# New Outbackers



## RandyJ (Oct 23, 2012)

Hello All!

We finally bought a camper after a lot of looking and checking things out. We owned a little older and smaller camper before. Last Tuesday we got a very nice 2005 Outback 25rss. We have two children and we just loved the layout and the fact that our camper grows five feet when we park it and pull out the rear slide. We stayed in it the first 3 nights we had it and loved everything but the mattress...lol. Look forward to years of fun with the kids.


----------



## hautevue (Mar 8, 2009)

Welcome to the site!!! Congrats on your purchase and we wish you many happy days of travel and camping.


----------



## ORvagabond (Apr 17, 2009)

WELCOME to Outbackers!!!


----------



## john7349 (Jan 13, 2008)

WELCOME TO THE SITE!
And yes, I know what you mean about that mattress. One of the first things we did was get a 3" memory foam topper. Made a BIG difference!


----------



## Aussiefire (Aug 12, 2012)

Congrats on your purchase and welcome to Outbackers.

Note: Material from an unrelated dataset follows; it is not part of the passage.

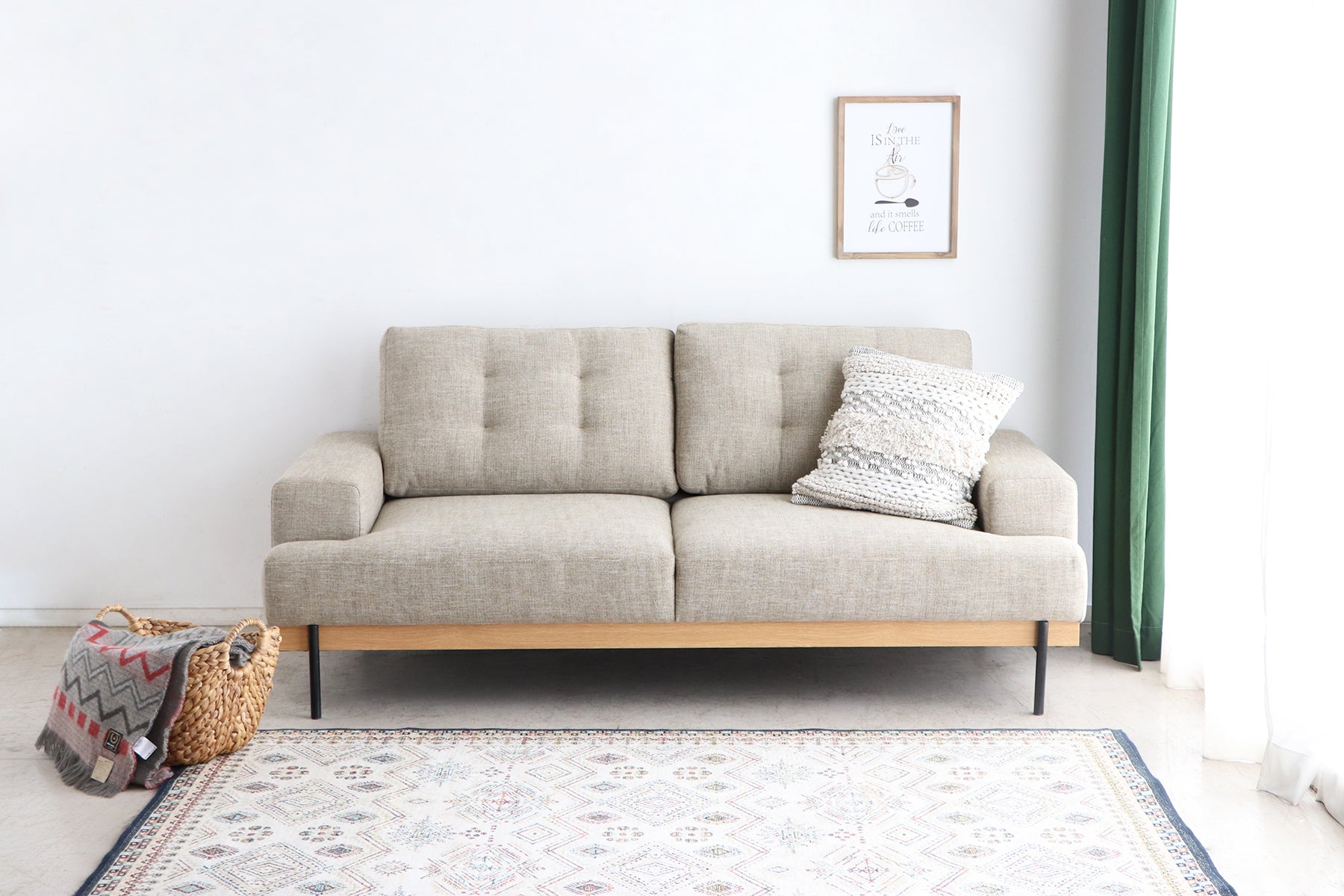 シンプルなデザインと上質な生地の質感が魅力のカジュアルソファです。木目とスチール脚のアクセントが絶妙に調和し、バランスの取れた仕上がりとなっています。コンパクトな暮らしにゆとりをもたらす、このソファでリラックスした時間をお過ごしください。

May you have many happy trails with your camper.


----------



## crunchman12002 (Jul 26, 2009)

RandyJ said:


> Hello All!
> 
> We finally bought a camper after a lot of looking and checking things out. We owned a little older and smaller camper before. Last Tuesday we got a very nice 2005 Outback 25rss. We have two children and we just loved the layout and the fact that our camper grows five feet when we park it and pull out the rear slide. We stayed in it the first 3 nights we had it and loved everything but the mattress...lol. Look forward to years of fun with the kids.


RandyJ,
Congrats on the new to Outback. Feel free to ask any model specific questions, I have the same year 25RSS.
Welcome to Outbackers!
crunchman


----------



## crunchman12002 (Jul 26, 2009)

RandyJ said:


> Hello All!
> 
> We finally bought a camper after a lot of looking and checking things out. We owned a little older and smaller camper before. Last Tuesday we got a very nice 2005 Outback 25rss. We have two children and we just loved the layout and the fact that our camper grows five feet when we park it and pull out the rear slide. We stayed in it the first 3 nights we had it and loved everything but the mattress...lol. Look forward to years of fun with the kids.


RandyJ,
Congrats on the new to Outback. Feel free to ask any model specific questions, I have the same year 25RSS.
Welcome to Outbackers!
crunchman


----------



## RandyJ (Oct 23, 2012)

Thanks everyone. We just got back from a two day stay in Abilene. Had a great time and got to watch a heck of a cold front blow in.


----------



## funbikerchick (Jun 6, 2011)

Congrats on your new purchase. I have a 250rs which i believe is the newer version of yours. I love it. I am sure you will enjoy many wonderful times in your TT.


----------